DATA PROVIDED:
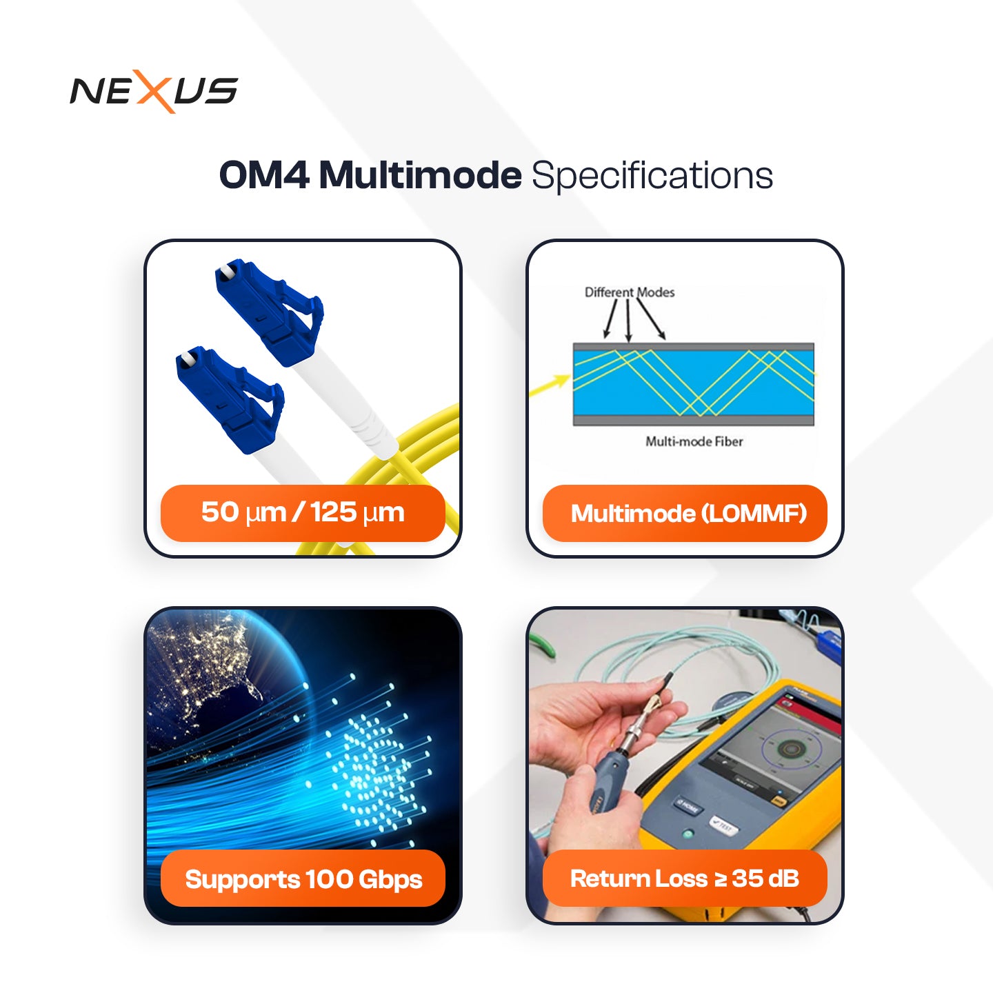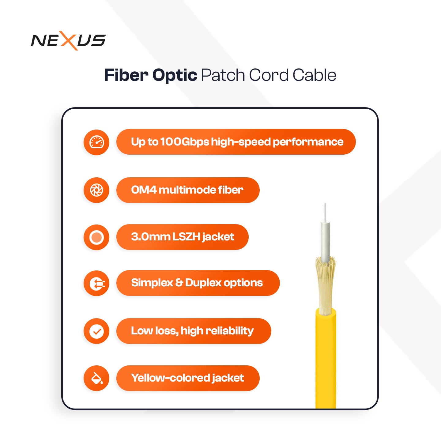 Built for modern high-bandwidth optical networks, the NEXUS OM4 duplex patch cord ensures reliable short-reach transmission in enterprise and data center infrastructures.
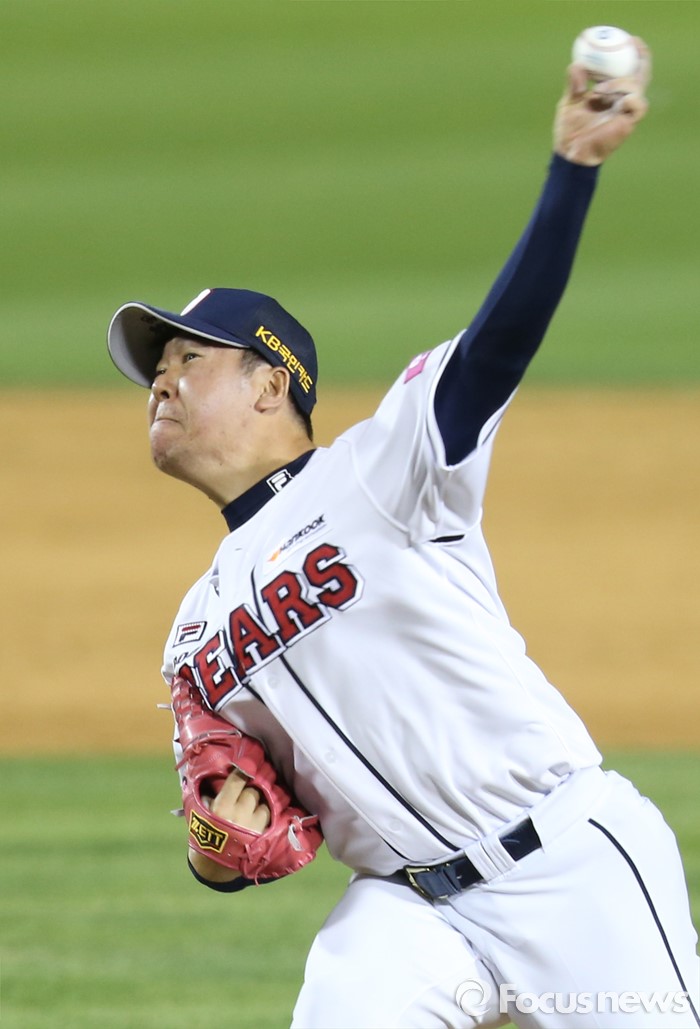 (서울=포커스뉴스) 26일 서울 잠실구장에서 열린 2016 프로야구 SK-두산 경기 8회초 무사 1루에서 두산 마무리 투수 이현승이 마운드에 올라 투구하고 있다.
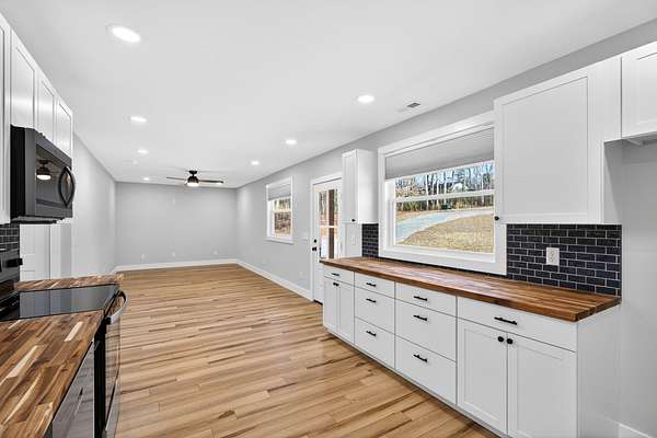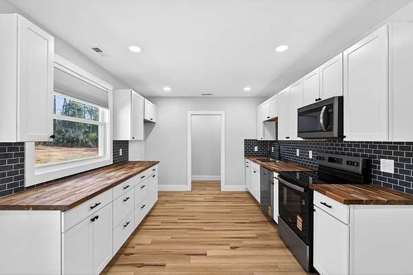 Welcome to 504 Norris St, a charming 3 bedroom, 2 bath house located in Jonesville on 2.65 acres of land. The house is located in a quiet neighborhood with the house sitting off the road so you feel secluded. This home brings updated and modern feel to a traditional style house. There is an open concept living room and kitchen with vinyl flooring throughout the house. The kitchen highlights tons of cabinet space with amazing views to the front yard. The laundry room is tucked away off the kitchen by pocket door access and added pantry space. The master is located at the back of the house with en suite bathroom. There is tons of space to add a garage or shop to this property or bring your animals as this property is in the county. There is even space on the property for another house if needed. Come make this your new home today.
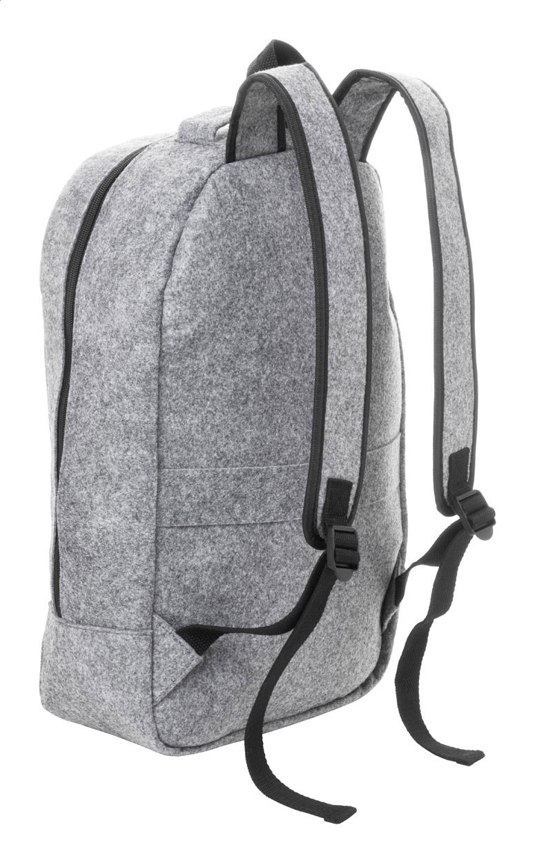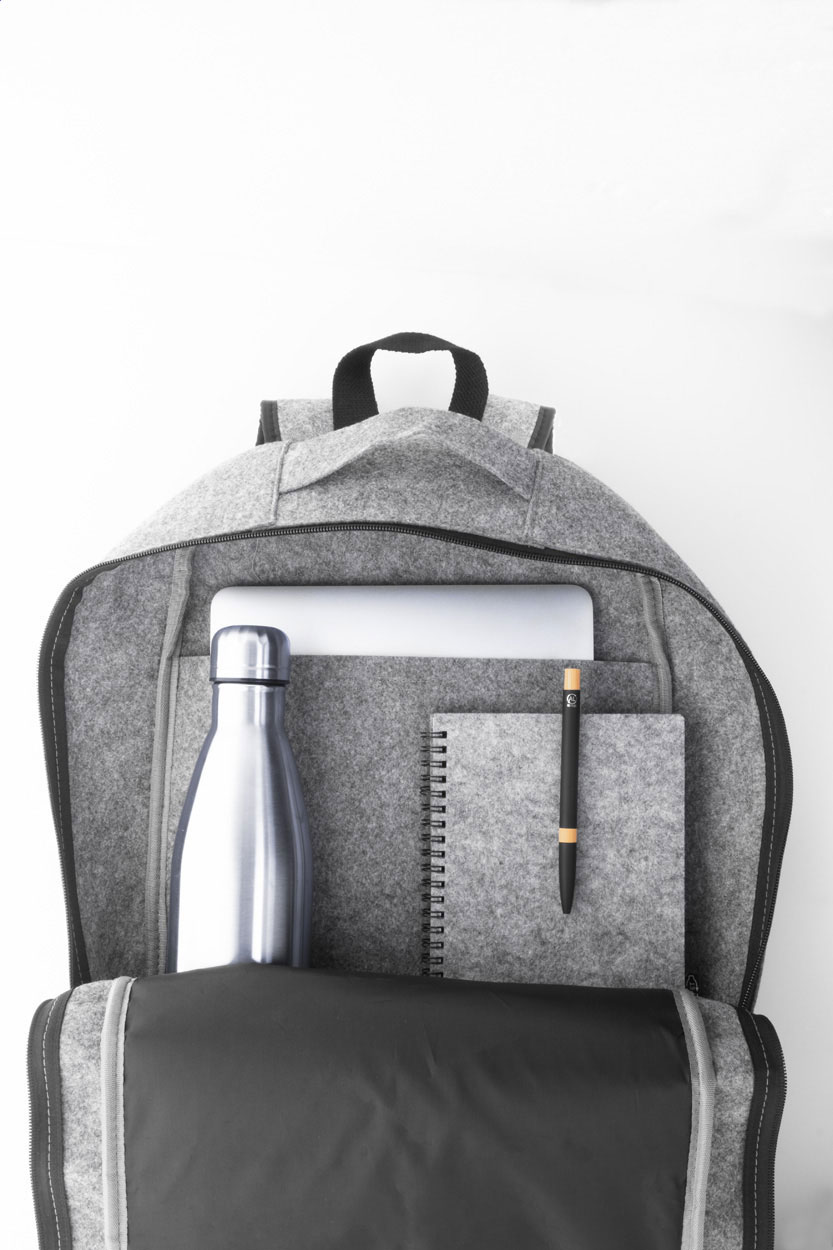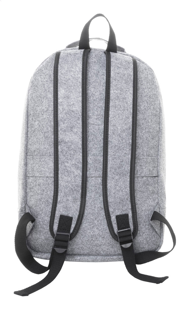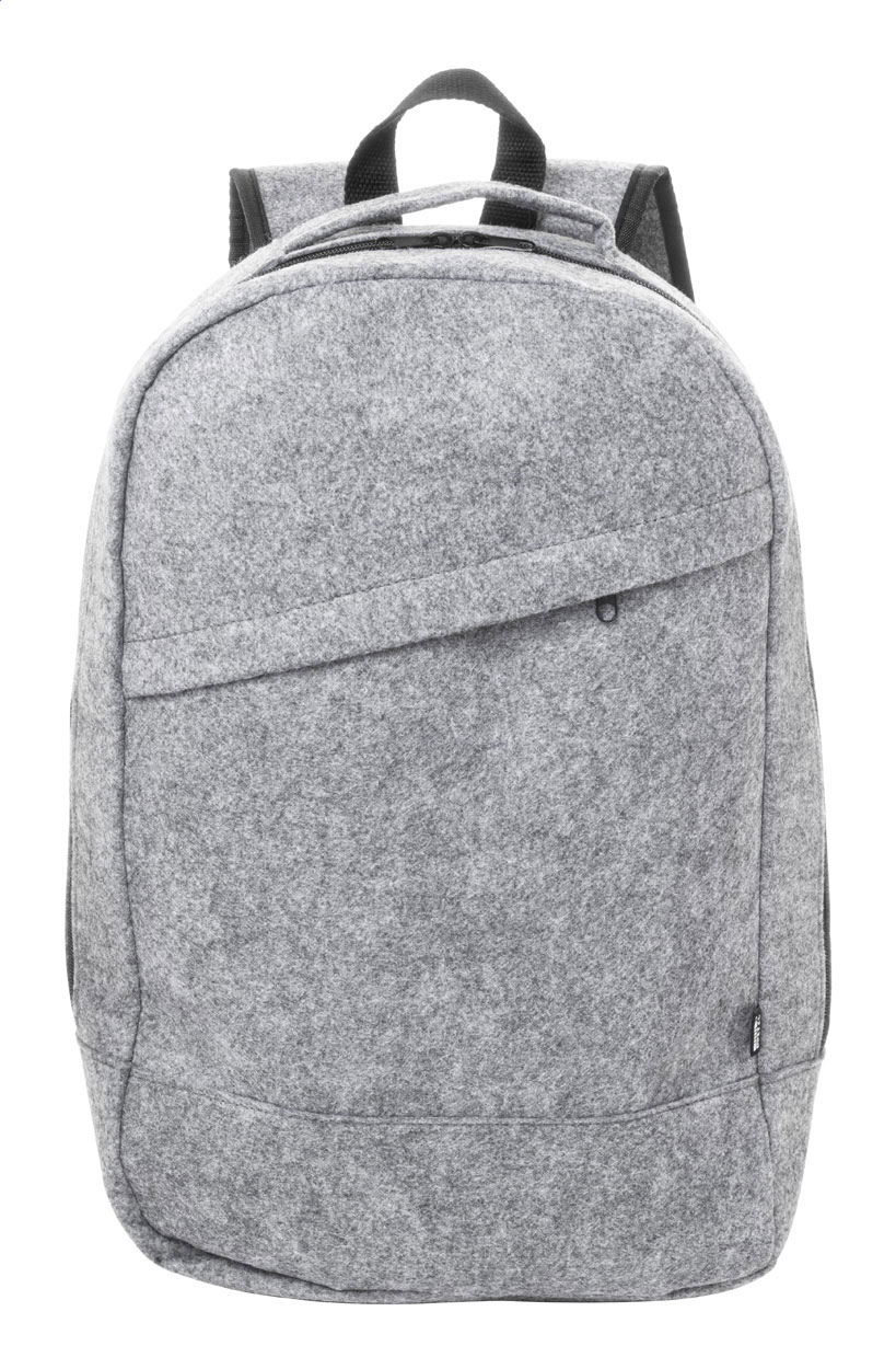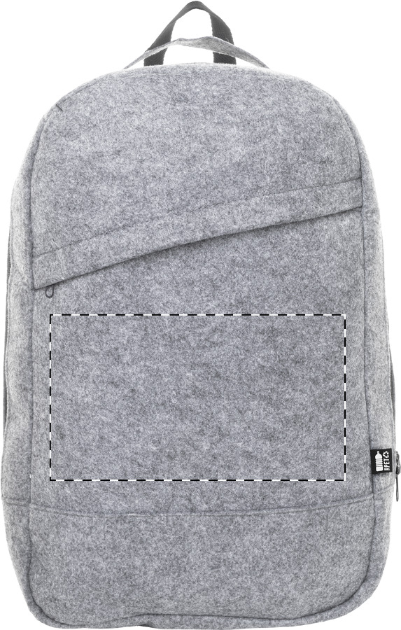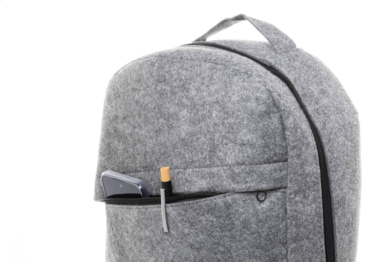 Rucksack aus RPET Filz mit Reißverschluss-Hauptfach, Fronttasche, Laptopfach (15"), Trolley-Befestigungsband und geposterten Schultergurten. Inkl. RPET-Label.

WHAT IS BEING ASKED:
Needed here is a verbatim copy of the data from the first line through the line with "(서울=포커스뉴스) 26일 서울", without pictures.

SOLUTION FOR THIS PROBLEM:
 Built for modern high-bandwidth optical networks, the NEXUS OM4 duplex patch cord ensures reliable short-reach transmission in enterprise and data center infrastructures.
 (서울=포커스뉴스) 26일 서울 잠실구장에서 열린 2016 프로야구 SK-두산 경기 8회초 무사 1루에서 두산 마무리 투수 이현승이 마운드에 올라 투구하고 있다.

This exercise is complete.